The challenge is that now we don’t have observables X_i to start with. All we have is a smooth function \rho from some manifold to some set of states. How can we pull observables out of thin air?

Well, you may remember that last time we had

\rho = \frac{1}{Z} e^{-\lambda^i X_i}

where \lambda^i were some functions on our manifold and

Z = \mathrm{tr}(e^{-\lambda^i X_i})

was the partition function. Let’s copy this idea.

So, we’ll start with our density matrix \rho, but then write it as

\rho = \frac{1}{Z} e^{-A}

where A is some self-adjoint operator and

Z = \mathrm{tr} (e^{-A})

(Note that A, like \rho, is really an operator-valued function on M. So, I should write something like A(x) to denote its value at a particular point x \in M, but I won’t usually do that. As usual, I expect some intelligence on your part!)

Now we can repeat some calculations I did last time. As before, let’s take the logarithm of \rho:

\mathrm{ln} \, \rho = -A - \mathrm{ln}\,  Z

and then differentiate it. Suppose \lambda^i are local coordinates near some point of M. Then

\frac{\partial}{\partial \lambda^i} \mathrm{ln}\, \rho = - \frac{\partial}{\partial \lambda^i} A - \frac{1}{Z} \frac{\partial }{\partial \lambda^i} Z

Last time we had nice formulas for both terms on the right-hand side above. To get similar formulas now, let’s define operators

X_i = \frac{\partial}{\partial \lambda^i} A

This gives a nice name to the first term on the right-hand side above. What about the second term? We can calculate it out:

\frac{1}{Z} \frac{\partial }{\partial \lambda^i} Z = \frac{1}{Z}  \frac{\partial }{\partial \lambda^i} \mathrm{tr}(e^{-A}) = \frac{1}{Z}  \mathrm{tr}(\frac{\partial }{\partial \lambda^i} e^{-A}) = - \frac{1}{Z}  \mathrm{tr}(e^{-A} \frac{\partial}{\partial \lambda^i} A)

where in the last step we use the chain rule. Next, use the definition of \rho and X_i, and get:

\frac{1}{Z} \frac{\partial }{\partial \lambda^i} Z = - \mathrm{tr}(\rho X_i) = - \langle X_i \rangle

This is just what we got last time! Ain’t it fun to calculate when it all works out so nicely?

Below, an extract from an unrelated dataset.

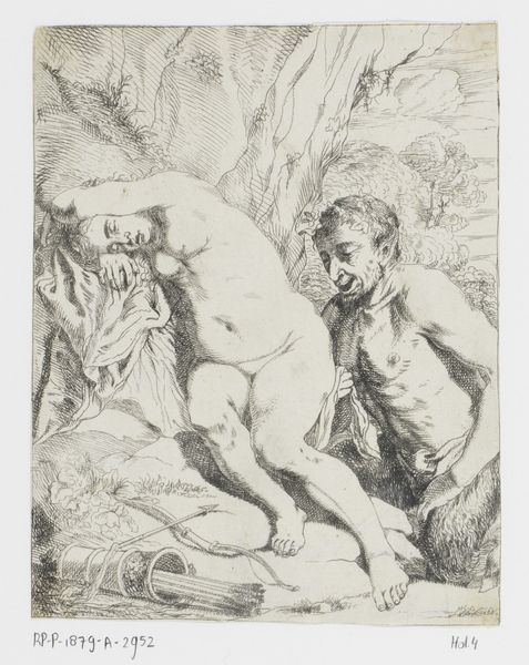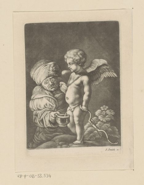 Curator: Right, let's dive in. We're looking at "Plas van Cupido wordt door een oude man opgevangen"—or "Cupid's Puddle Being Caught by an Old Man"—an engraving that historians reckon was completed sometime between 1661 and 1726. It's the work of Gerard Valck, housed here at the Rijksmuseum. It strikes me as odd, but what are your first thoughts? Editor: Honestly, slightly unsettling. The Cupid figure feels vulnerable, almost melancholic. And that old woman, or man dressed as a woman maybe?, is a study in... well, stark age, those goggles. The contrast is unsettling. The serpent he holds could be medicine related or the one from Genesis, it certainly sets my imagination loose. Curator: It's interesting that you hone in on vulnerability. It's easy to read the scene just literally—Cupid needing help—but I wonder if Valck is playing with our expectations of Eros as this powerful figure of desire. He seems almost infantile here. Editor: Exactly. It challenges that inherent association of love with some vigorous force. We're used to seeing cherubs depicted like mischievous little pranksters, but this poor guy looks…lost. And the fact that he’s, you know, created a little puddle of need really pushes this subversion further. But, look how delicately he handles that snake staff; there's experience behind him even when infantile. Curator: Symbolically, there is a dense mixture present here: Aging is a major part of the narrative but it’s a tender compassion, maybe even care taking over, or a lament even? This piece strikes an interesting cord: that one extreme, as a culture that champions youth above all, should consider there are some gifts age gives us. Editor: I think the skill of the engraving only amplifies these contrasting themes, it emphasizes the fine details. I find it makes me want to inspect the figures, as it teases me to see into their deeper states, or even meanings. The work really asks you to examine it beyond its literal title. It's like looking into a mirror and seeing something far more layered than you expect. Curator: It's true, Valck seems intent on subverting myth to remind us of realities in life, too, of a universal truth - something as potent as love can make you feel just as needy as being human can too. The use of this story is simply genius here! Editor: Indeed, such a gentle invitation to ponder our complex connection with love! Thanks for bringing this one to our attention!

So, putting both terms together, we see

\frac{\partial}{\partial \lambda^i} \mathrm{ln} \rho = - X_i + \langle X_i \rangle

or better:

X_i - \langle X_i \rangle = -\frac{\partial}{\partial \lambda^i} \mathrm{ln} \rho

This is a nice formula for the ‘fluctuation’ of the observables X_i, meaning how much they differ from their expected values. And it looks exactly like the formula we had last time! The difference is that last time we started out assuming we had a bunch of observables, X_i, and defined \rho to be the state maximizing the entropy subject to constraints on the expectation values of all these observables.
Now we’re starting with \rho and working backwards.

From here on out, it’s easy. As before, we can define g_{ij} to be the real part of the covariance matrix:

g_{ij} = \mathrm{Re} \langle (X_i - \langle X_i \rangle)  (X_j - \langle X_j \rangle)  \rangle

Using the formula

X_i - \langle X_i \rangle = -\frac{\partial}{\partial \lambda^i} \mathrm{ln} \rho

we get

g_{ij} = \mathrm{Re} \langle \frac{\partial \mathrm{ln} \rho}{\partial \lambda^i} \; \frac{\partial \mathrm{ln} \rho}{\partial \lambda^j} \rangle

or

g_{ij} = \mathrm{Re}\,\mathrm{tr}(\rho \; \frac{\partial \mathrm{ln} \rho}{\partial \lambda^i} \; \frac{\partial \mathrm{ln} \rho}{\partial \lambda^j})

Voilà!

When this matrix is positive definite at every point, we get a Riemanian metric on M. Last time I said this is what people call the ‘Bures metric’ — though frankly, now that I examine the formulas, I’m not so sure. But in the classical case, it’s called the Fisher information metric.

Differential geometers like to use \partial_i as a shorthand for \frac{\partial}{\partial_i}, so they’d write down our metric in a prettier way:

g_{ij} = \mathrm{Re} \, \mathrm{tr}(\rho \; \partial_i (\mathrm{ln} \, \rho) \; \partial_j (\mathrm{ln} \, \rho) )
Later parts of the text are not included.